Amador Vega en su texto “Experiencia mística y experiencia estética en la
modernidad” explica que “la herida de Cristo en el costado señala el final de la vida
corporal y el comienzo de la vida sobrenatural; para el creyente, además de ser una
imagen devocional de la pasión y muerte de Jesucristo, es también un símbolo de la fe
en la resurrección: la llaga abierta es la puerta de entrada para quien inicia la vía de la
imitatio Christi: una entrada al desierto y a la noche (…) travesía a un nuevo modo de
ser”16. Ese amoroso daño al cuerpo parece un camino seguro para acceder a un
conocimiento espiritual superior, para acceder a lo que Anguita se refirió como “el
huerto de espigas corporales” (15). En ese lugar demuestra cómo por la herida se
atraviesa hacia lo desconocido, hacia esa vida nueva, que termina muchas veces nutrida
por el éxtasis: “tiemble tu herida previa” (20). Una herida que también se renueva,
convirtiéndose en nuevas marcas que permiten la fusión: “tus nuevas llagas me recorren
como una madre al fuego” (20). La nueva vida otorgada por el traspaso de la herida ha
sido elaborada sólo gracias al cuerpo. Ahí, en el cuerpo, se instalan las llagas, sólo el
cuerpo guarda la potencia del traspaso. Gracias a una cabeza, a una mirada, es que se ha
podido dar paso a esta nueva composición del ser, que es ahora, en palabras de
Margarita Porete, un ser simple.
Bibliografía
- Anguita, Eduardo. Venus en el Pudridero, Santiago, Editorial Universitaria, 2011.

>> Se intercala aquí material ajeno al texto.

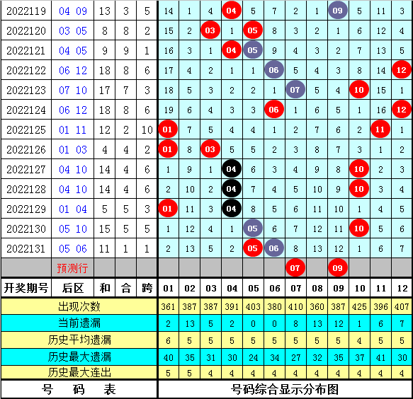 后区5码参考:03 04 05 07 09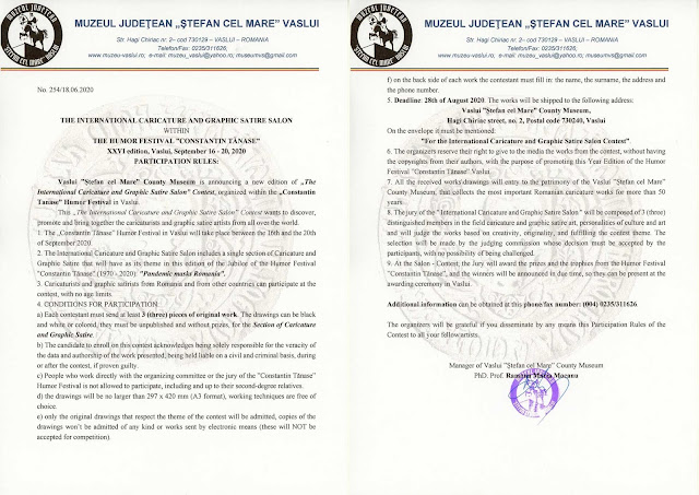 26th Constantin Tanase Humor Festival International Caricature And Graphic Satire Contest 2020 Vaslui Romania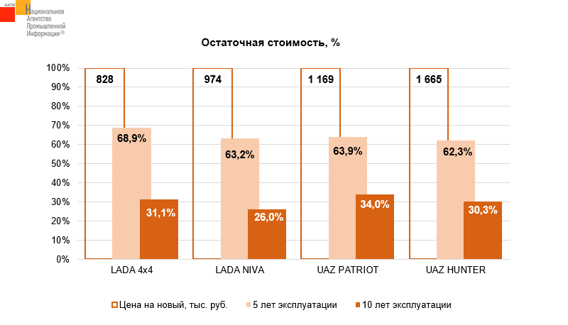 Маркетинговое агентство НАПИ обновило отчет «Потеря стоимости легковых автомобилей возрастом до 10 лет» по итогам 2 квартала 2023 г. Среди представленных на графике российских автомобилей сегмента SUV, продаваемых в текущем году, через 5 лет эксплуатации лидирует по сохранности остаточной стоимости LADA 4x4, который сохраняет 68,9% от цены. Через 10 лет эксплуатации лидирует UAZ PATRIOT с результатом 34,0%.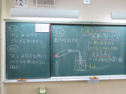 赤ワインとみりんを使い、沸点の違いを利用してアルコールを取り出す実験を行いました。ガスバーナーや沸騰石を使うことや安全な実験手順を学ぶことで、実験の技術向上が期待できますね。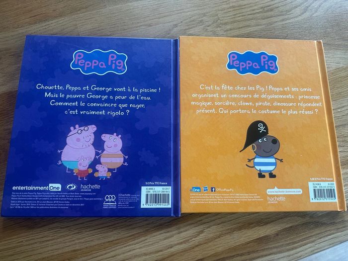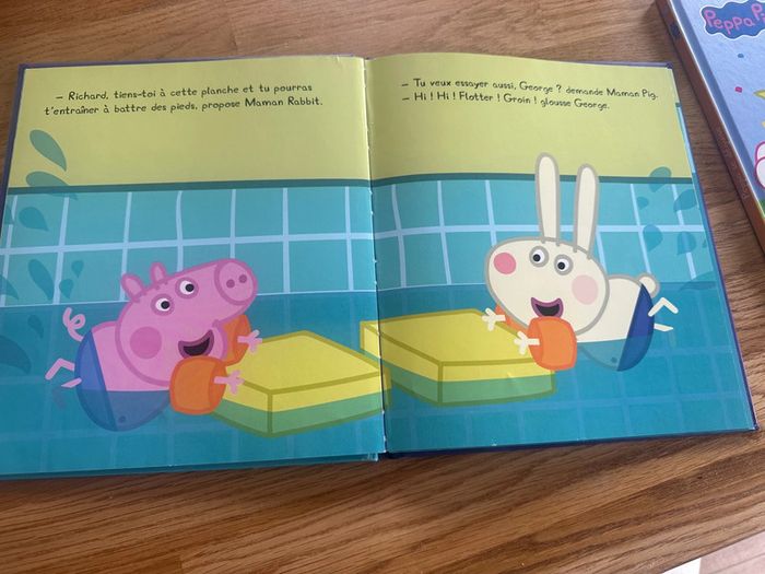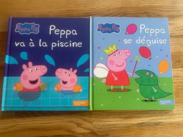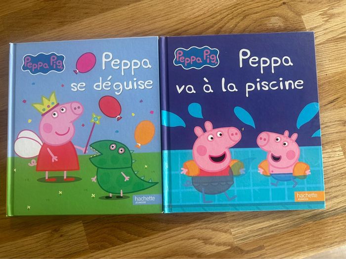 Peppa se déguise Peppa va à la piscine. Parfait pour vaincre la peur de l’eau. Livres reçus en double. Ma fille les adore. Très bon état. N’hésitez pas à composer un lot dans mon dressing, des réductions s’appliquent.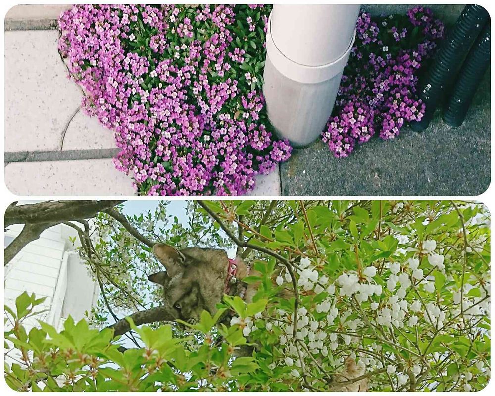 サクラ🐱が虫を気にして登ろうとするので、注意してはいるのですが、今日は自由にさせてみました😊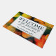 Stylish WELCOME Doormat with the wording WELCOME & BE BLESSED ALL WHO ENTER HERE (EXCEPT TRESPASSERS). The background is an orange bokeh pattern. All text is CUSTOMIZABLE so you can amend the wording to suit your needs.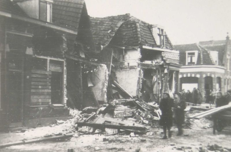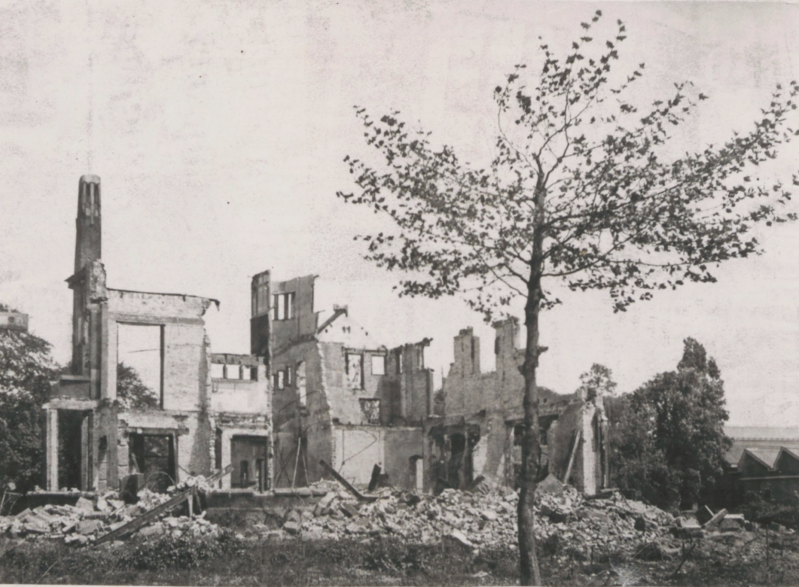 De ruïne van villa Simpang aan de Stationsweg na het bombardement. In deze villa was de Duitse Ortskammandanttur gevestigd.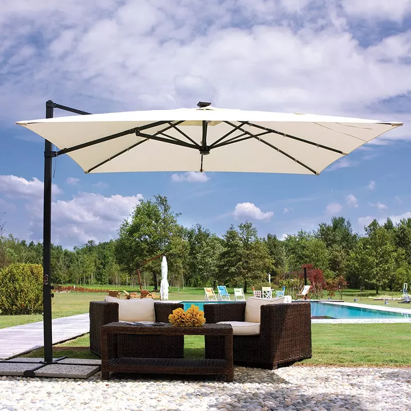 L'ombrellone quadrato PARIGI ti riparerà dai pomeriggi più assolati e illuminerà le tue serate estive.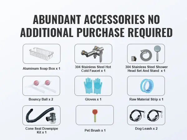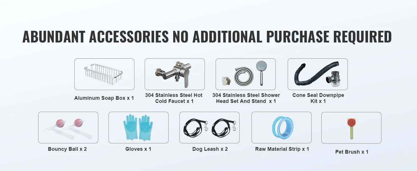 Das Grunddesign dieser 50-Zoll-Badestation für Hunde ist ein praktisches All-in-One-Design. Es enthält eine Seifenbox und umfangreiches Zubehör, um Ihr Pflegeerlebnis zu vervollständigen. Die eingebaute Seifenbox hält die Pflegeutensilien in Reichweite. Dies macht den Badevorgang effizienter. Sie erhalten alles, was Sie für eine effektive Wäsche benötigen. Das All-Inclusive-Zubehör stellt sicher, dass Sie alles haben, was Sie für eine gründliche Wäsche benötigen, was Zeit und Mühe spart. Es sind keine zusätzlichen Pfleger erforderlich. Dank dieser Bequemlichkeit ist die Aufrechterhaltung der Haustierhygiene einfacher. Das durchdachte Design sorgt dafür, dass eine erfolgreiche Pflegesitzung reibungslos und effektiv verläuft.

- Álvarez, Javier. Éxtasis sin fe, Madrid, Trotta, 2000.
- Bachelard, Gaston. El agua y los sueños, México, FCE, 2003.
- Durand, Gilbert. Las estructuras antropológicas de lo imaginario. Introducción a la
arquetipología general, Madrid, Taurus, 1982.

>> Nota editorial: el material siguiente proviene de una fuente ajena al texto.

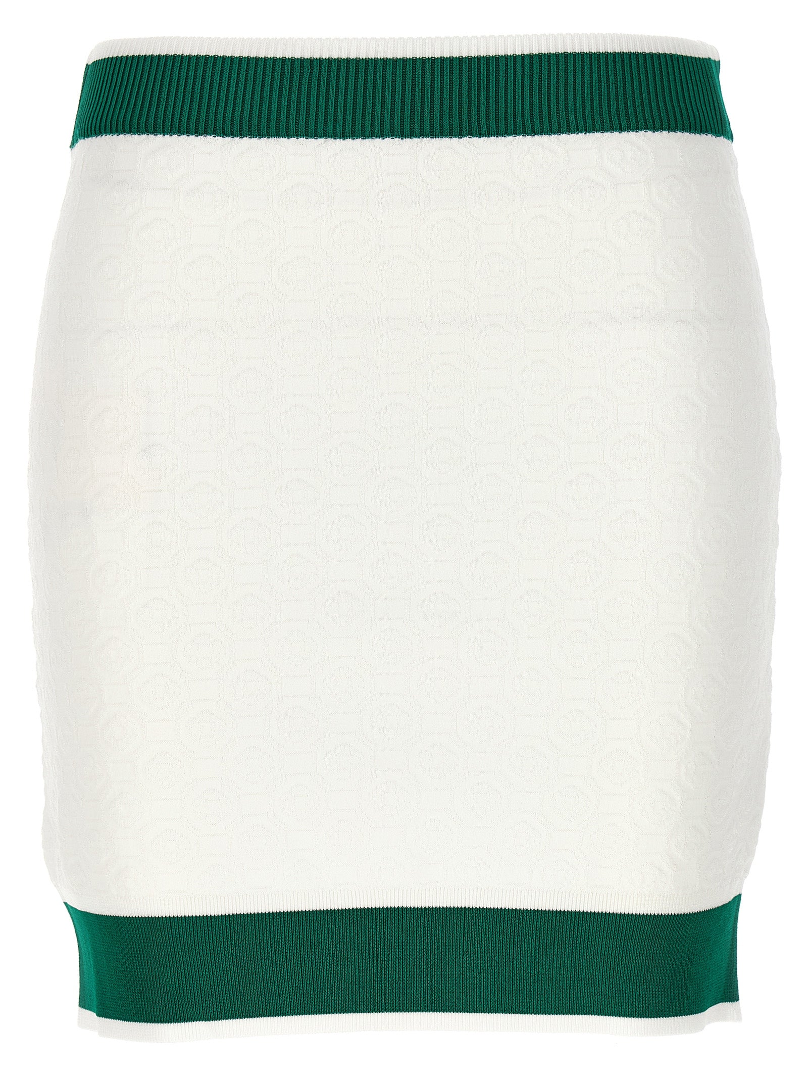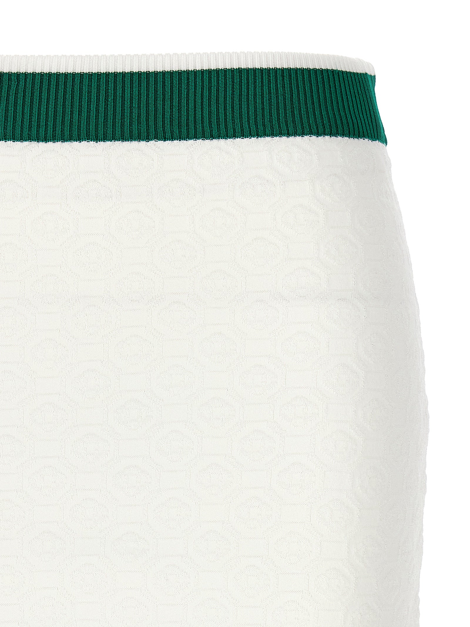 Viscose knit skirt with monogram logo, elastic waistband, and contrasting bands.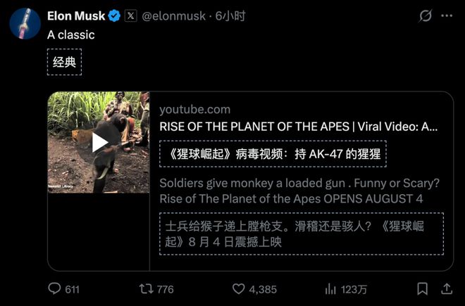 他转发了一段《猩球崛起》的病毒视频——士兵把一把上了膛的AK-47递给猴子。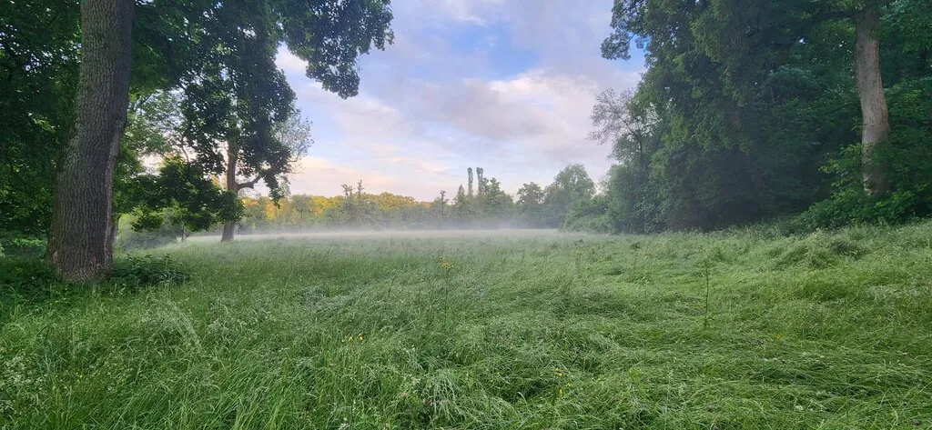 계속 일름강을 따라서 나 있는 길을 걷는데 지평선에는 안개가, 풀에는 이슬이 맺혀 있었다. 이건 4D로 봐야지 사진 따위에는 담기지 않는다.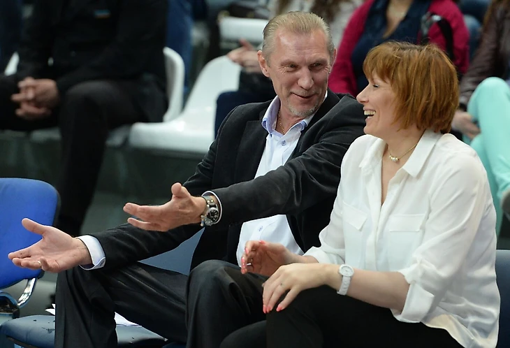 2014. Москва. Отборочный матч на чемпионат Европы Россия — Нидерланды — 69:44. Главный тренер сборной России Анатолий Мышкин и Элен Шакирова

- Foligno, Ángela. Libro de la vida. Vivencia de Cristo, Salamanca, Ediciones Sígueme,
1991.
- Maillard, Chantal. Contra el arte y otras imposturas, Valencia, Pre-textos, 2009.

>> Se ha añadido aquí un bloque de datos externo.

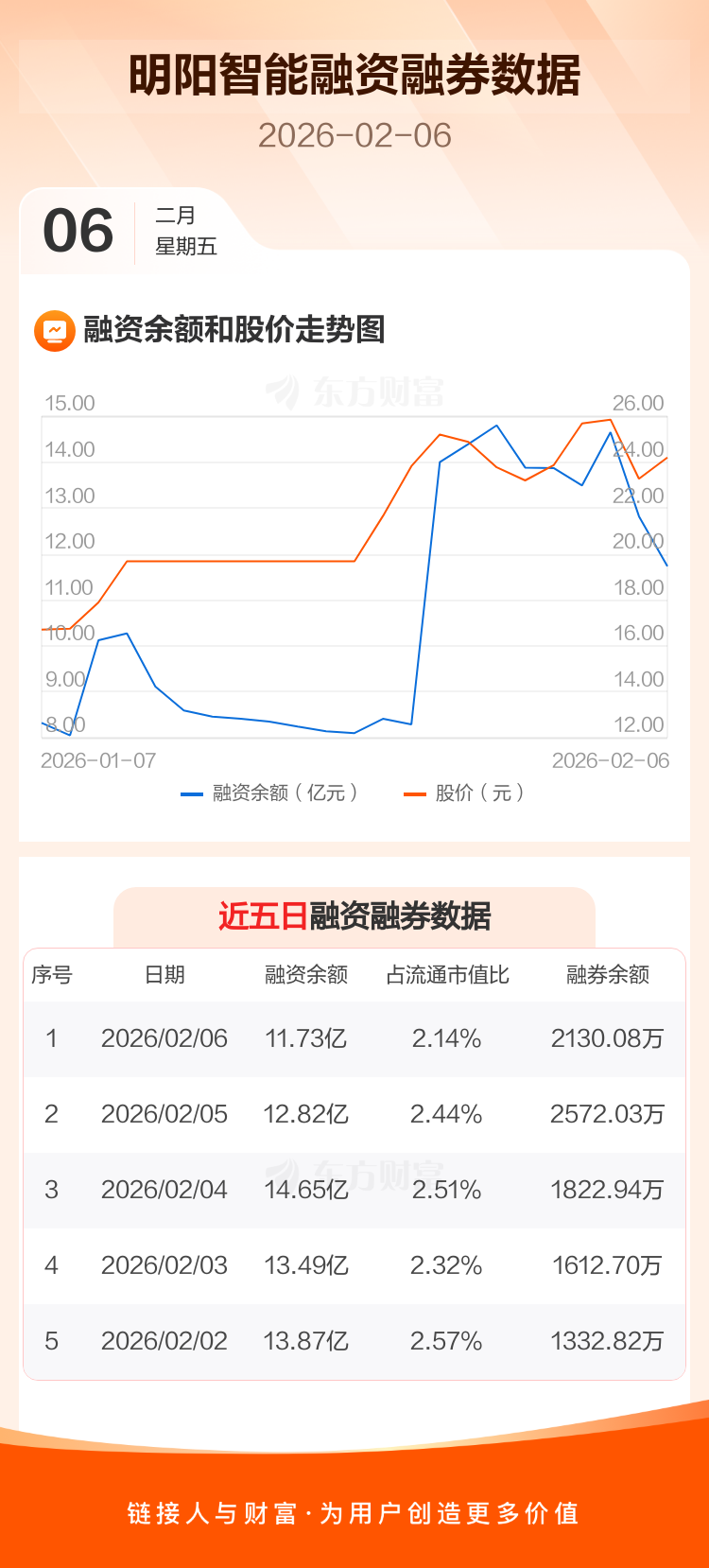 交易所最新数据显示,明阳智能于2026年2月6日获融资买入2.89亿元,融资偿还3.99亿元,当日融资净偿还1.1亿元。目前,该股融资余额11.73亿,占流通市值比例为2.14%。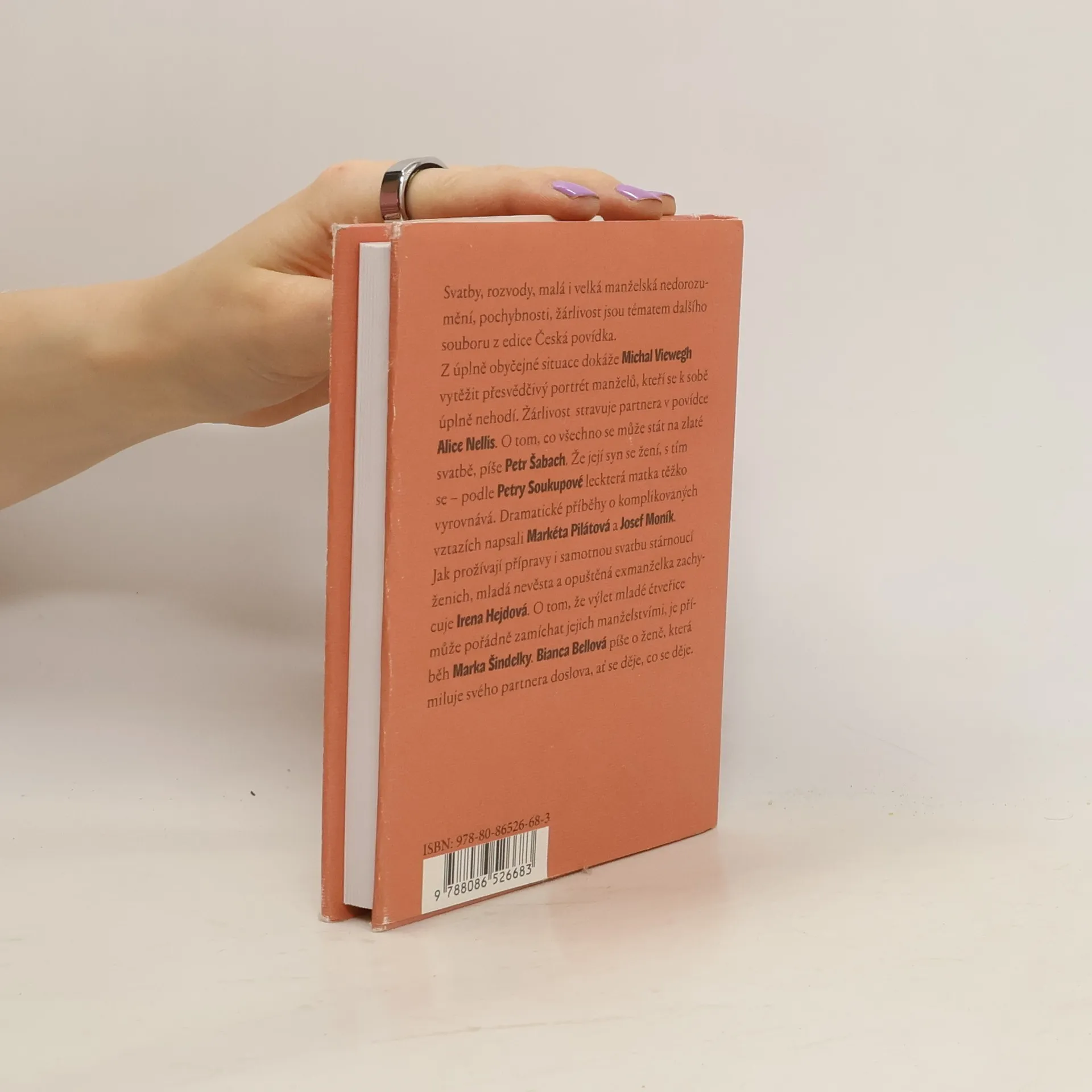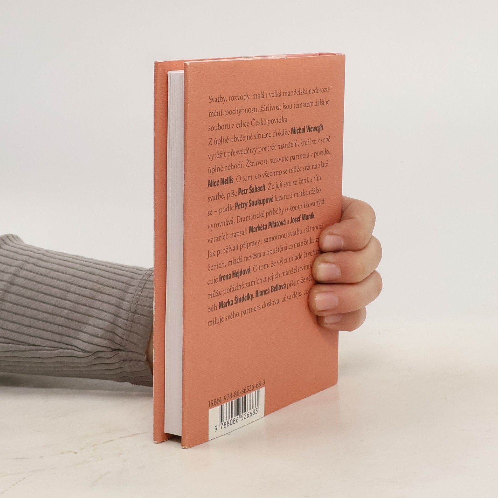 Svatby, rozvody, malá i velká manželská nedorozumění, pochybnosti, žárlivost jsou tématem dalšího souboru z edice Česká povídka. Z úplně obyčejné situace dokáže Michal Viewegh vytěžit přesvědčivý portrét manželů, kteří se k sobě úplně nehodí. Žárlivost stravuje partnera v povídce Alice Nellis. O tom, co všechno se může stát na zlaté svatbě, píše Petr Šabach. Že její syn se žení, s tím se - podle Petry Soukupové leckterá matka těžko vyrovnává. Dramatické příběhy o komplikovaných vztazích napsali Markéta Pilátová a Josef Moník. Jak prožívají přípravy i samotnou svatbu stárnoucí ženich, mladá nevěsta a opuštěná exmanželka zachycuje Irena Hejdová. O tom, že výlet mladé čtveřice může pořádně zamíchat jejich manželstvími, je příběh Marka Šindelky. Bianca Bellová píše o ženě, která miluje svého partnera doslova, ať se děje, co se děje.

- Porete, Margarita. El espejo de las almas simples, Madrid, Siruela, 2005.
- San Juan de la Cruz. Cántico espiritual, Burgos, Monte Carmelo, 1991.
---. Obras Completas, Burgos, BAC, 2009.
- Vega, Amador. “Experiencia mística y experiencia estética en la modernidad” en La
experiencia mística, Ávila, Trotta, 2004.